Pt. Deen Dayal Upadhyay Pashu Chikitsa Vigyan Vishwavidyalaya Evam Gau Anusandhan Sansthan, India
Atul Prakash is currently working in Pt. Deen Dayal Upadhyay Pashu Chikitsa Vigyan Vishwavidyalaya Evam Gau Anusandhan Sansthan, India. His research interest is Persistence of heavy metals in Mathura.
Introduction: Rivers present a potential source of environmental pollution in India. River Yamuna is the largest tributary of the holy river, Ganga in North India and is responsible for surface water supply of several cities located on its way downstream viz. Delhi (Capital of Republic of India), Mathura (birth place of Lord Krishna), Vrindavan and Agra. It also serves as a major drain for these cities.

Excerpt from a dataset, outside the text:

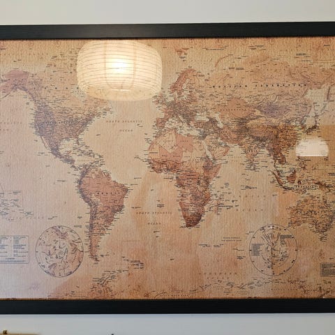 Suuri vanha maailmankartta puukehyksissä

Methods: The present study was conducted to assess the degree of heavy metal contamination of surface water, agricultural soil and the fodder crops grown in the catchment area of river, Yamuna in the Mathura district of Uttar Pradesh (India). Surface water, soil and fodder samples were collected from different villages in Mathura District, processed and analyzed for lead, copper, cadmium, mercury, arsenic and iron using Atomic Absorption Spectrophotometer (AAnalyst 400 Perkin Elmer).
Results: The results showed presence of all the heavy metals beyond the national and international permissible limits in soil and fodder samples. Levels of arsenic and cadmium in soil (269.83-1891.38 ppb; 11.88–28.26 ppb) and fodder (498.71-6843.84 ppb; 0.82–11.51 ppb) in soil and fodder samples were evident in the villages nearby Mathura oil refinery area suggesting an additional load attributable to the refinery. The health risk index for cadmium (127.88) was remarkably high followed by iron (60.19) and arsenic (31.38) as compared to lead (5.01), copper (0.46) and mercury (0.06).
Discussion: Urgent attention is needed to devise and implement appropriate means of monitoring and regulating industrial and domestic effluent, and develop alternate water resources for surface water for human and animal consumption and agricultural irrigation.